(no subject)
Dec. 22nd, 2008 05:28 pmEveryone's read articles about those awful parents who push for antibiotics when their kids probably just have a viral infection. Everyone has rolled their eyes and thought, "Great, we're all going to be killed by superbugs because you place your ignorant anti-scientific opinions over the judgment of your doctor."
Me too. Honest. Except when it gets more complicated.
I am 90% sure that Alex has a sinus infection. Here is my evidence: she had a cold for two-three weeks that didn't seem to bother her much, and then abruptly she became sicker. And miserable. She has a hacking, not-that-productive cough which is bad at night and early morning, and much less bad during the day when she's been up for a few hours. She's yellow-green congested. She complains of a headache and sore throat in the morning. She has awful morning breath. Her complexion is pale and washed out, with dark circles under her eyes. She's low-energy and incredibly pathetic in the mornings and evenings, but perks up reasonably well by around noon. No fever.
To me, this is pretty clearly a sinus infection. I think she feels okay - but not great - when she's been vertical for a while, and then everything goes to hell when she lies down all night and her sinuses drain and drain. She was up coughing from 4 to 5:30 this morning.
I kept her home today and brought her to a nurse practitioner at her pediatrician's office. Her lungs are clear. Her ears and throat look fine. She claimed that it hurt when the NP pressed on her sinuses, but then she also claimed it hurt when she pressed on her shoulder. Not a reliable historian, as we say. Also, the appointment was at her perkiest time of day.
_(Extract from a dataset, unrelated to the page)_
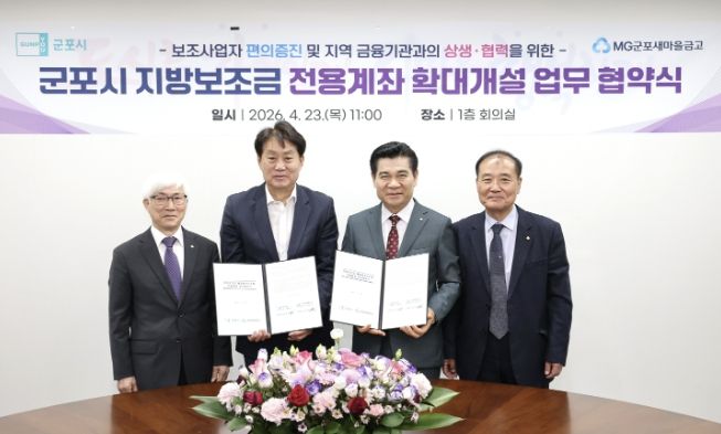 (포탈뉴스통신) 군포시는 지방보조금 전용계좌 개설 금융기관을 기존 시 금고인 NH농협은행에 더해 새마을금고까지 확대하기 위한 업무협약을 23일 체결했다고 밝혔다.
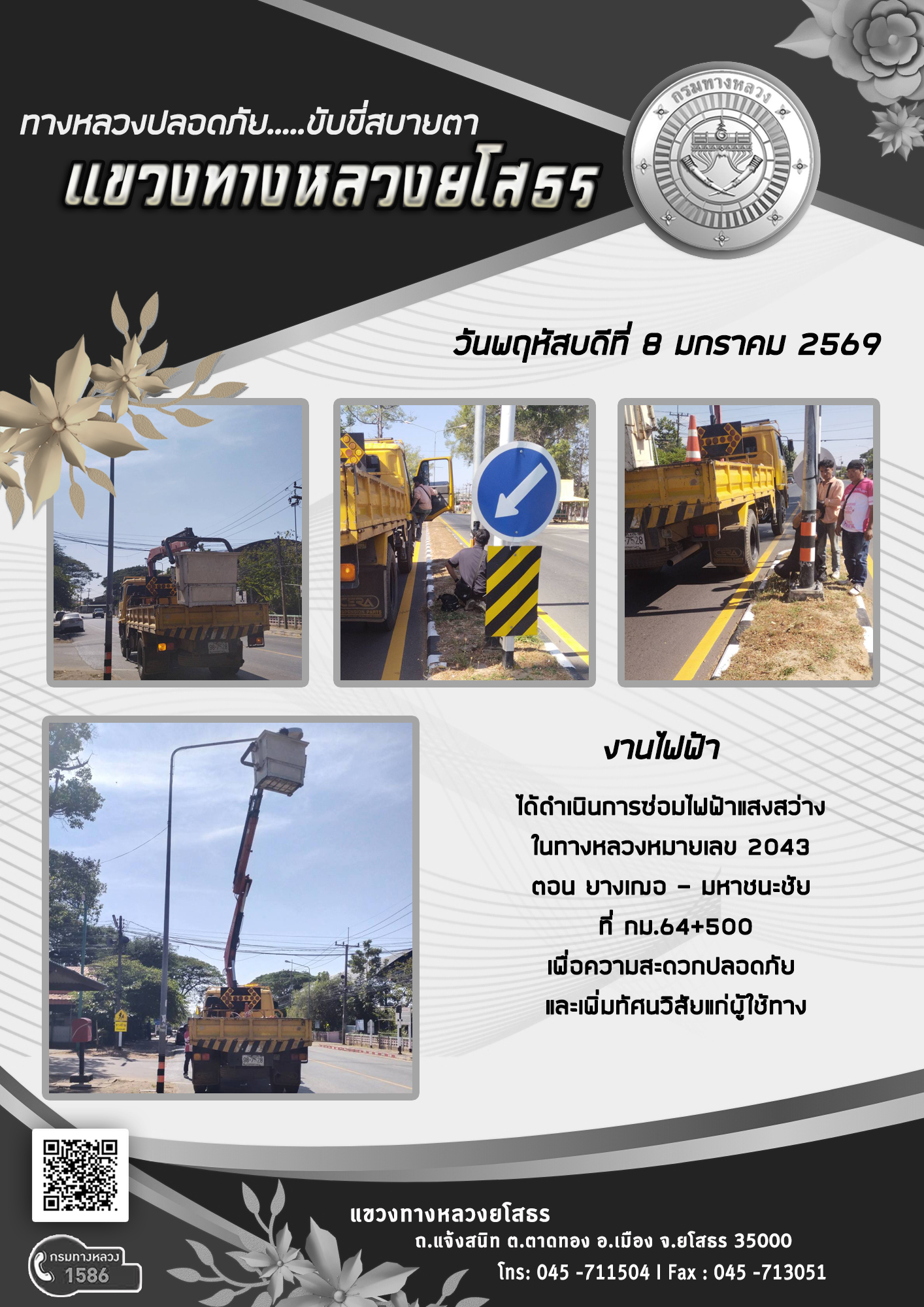 วันพฤหัสบดีที่ 8 มกราคม 2569 งานไฟฟ้า ได้ดำเนินการซ่อมไฟฟ้าแสงสว่าง ในทางหลวงหมายเลข 2043 ตอน ยางเฌอ - มหาชนะชัย ที่ กม.64+500 เพื่อความสะดวกปลอดภัย และเพิ่มทัศนวิสัยแก่ผู้ใช้ทาง

The NP said she couldn't be sure if it was a new viral infection coming right on the heels of the previous one, or a bacterial infection taking advantage of the previous viral infection. Given that Christmas is looming, she wrote Alex a prescription for amoxicillin and suggested that I hold onto it for 24 to 36 hours, to see which way things are going.
Instead, we are going ahead and getting it filled. Because I think that if her appointment had been at 8am instead of 3pm, the diagnosis would've been clearer. Because on Thursday we're going to ask this child to get on a plane and undergo two takeoffs and two landings, and I've done that with a sinus infection before, and I don't want to ask her to do it, and I'm not sure that only 24 hours of antibiotics (if we delay) would clear things up sufficiently. Because I feel like I know my kid, and I know what she's like when she comes down with a fresh cold, and this isn't it.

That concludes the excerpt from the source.